On the left, it will be mile 25 of the marathon, or it will feel like it. If results are lacklustre, will people have the energy to keep fighting, to stagger to the end? What’s the alternative? For some, there’s no choice. If you’re black, or Hispanic, or trans, or any of the above and a women, or otherwise in the cross-hairs of tweets and statements meant to put you on the other side of the divide, you have to keep going. But what about the allies? What about those who don’t feel the sting directly? Do people double down, or do they turn to their own small joys and compartmentalize everything else? We will see.
And if things do turn out well for the left?
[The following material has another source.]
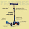This kid's scooter offers a smooth ride with 3 wheels, a wide deck for easy balancing, and shock-absorbing wheels for effortless cruising. It features full-contact rear brakes for quick stops and an exciting design with two large front LED PU wheels and a smaller rear LED wheel that light up while riding, dazzling both day and night. The anodized metal handlebar is adjustable to three heights (59 cm, 66 cm, and 73 cm), growing with your child for long-lasting fun. Its lean-to-steer technology and lightweight frame ensure better control and balance through natural movement, while ABEC-7 bearings provide a smooth, quiet glide. The low deck makes it easy for kids to hop on and off, and the reinforced aluminum rear brake offers safe, reliable stopping. No assembly is needed—it’s ready to ride right out of the box, and the detachable handlebar makes storage and transport simple with just a press of a button.

Well, probably renewed hope that the Mueller commission will be able to chip away at the crime syndicate (no, the President is not going to get impeached, not ever, but he doesn’t have to if everyone in the syndicate gets picked off and indicted, including his kids), that some House committees will change leadership and therefore their priorities (I’m looking at you, House Intelligence Committee), and that some new rules of conduct will get put in place to prevent the most egregious behaviours in the future. This is the legendary “checks and balances” of the American system that everyone hopes actually exists and is not just a fairy-tale for schoolkids.
6. Thanksgiving this year is going to be sullen and grumpy, no matter what.